For exceptionally meritorious conduct...as Commander Destroyer Squadron Twenty-three, in action against enemy Japanese forces northwest of the Bismarck Archipelago, at Kavieng, New Ireland, and Duke of York Island, 17 February to 23, 1944... (He) expertly directed his squadron in destroying two Japanese naval auxiliary vessels, one large cargo ship, a mine layer, four barges and inflicting severe damage on enemy shore installations and subsequently effected a skillful withdrawal without damage to his vessels... 

*Presidential Unit Citation to Destroyer Squadron 23*
Citation:

For extraordinary heroism in action against enemy Japanese forces during the Solomon Islands Campaign, from 1 November 1943 to February 23, 1944... Destroyer Squadron Twenty-three operated in daring defiance of repeated attacks by hostile air groups, closing the enemy's strongly fortified shores to carry out sustained bombardments against Japanese coastal defenses and render effective cover and fire support for the major invasion operations in this area ... The brilliant and heroic record achieved by Destroyer Squadron Twenty-three is a distinctive tribute to the valiant fighting spirit of the individual units in this indomitable combat group of each skilled and courageous ship's company... 

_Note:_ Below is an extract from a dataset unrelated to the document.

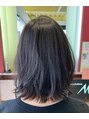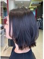 表面に少しレイヤーを入れ、ストレート&ダークトーンでも透明感と軽さを出し、夏の涼しげヘア―に。襟足のカラーがアクセントに!

Gold Star in lieu of second Navy Distinguished Service Medal
As Chief of Staff, Commander Fast Carrier Task Force, Pacific (Task Force 38.), Admiral Burke was awarded a Gold Star in lieu of a second Distinguished Service Medal, the Silver Star Medal, a Gold Star in lieu of a second Legion of Merit, and a Letter of Commendation, with authorization to wear the Commends Ribbon. The citations follow in part:

"For... outstanding service...as Chief of Staff to Commander First Carrier Task Force, Pacific, during action against enemy Japanese forces in the Pacific War from 15 December 1944 to 15 May 1945... Commodore Burke was in large measure responsible for the efficient control under combat conditions of the tactical disposition, the operation, the security and the explosive offensive power of his task force in its bold and determined execution of measures designed to force the capitulation of the Japanese Empire...throughout the seizure of bases at lwo Jima and Okinawa, including two carrier strikes on Tokyo, a carrier strike on the Kure Naval Base, and engagement with the Japanese Fleet on 7 April, in which several hostile man-o-war were destroyed by our aircraft..." 

*Silver Star Medal*
Citation:

"For conspicuous gallantry and intrepidity as Chief of Staff to Commander First Carrier Task Force in action against enemy Japanese forces in the Pacific War Area, 11 May 1945. When the flagship on which he was embarked was hit by two enemy suicide dive bombers, Commodore Burke proceeded to a compartment in which personnel were trapped by fire and heavy smoke, and succeeded in evacuating all hands. When the flagship to which he had removed his staff was in turn hit by a suicide plane on 14 May, he again arranged for the transfer of his command to a new ship. In spite of all difficulties, he maintained tactical control of the Task Force throughout, thereby contributing materially to the success of the operations..." 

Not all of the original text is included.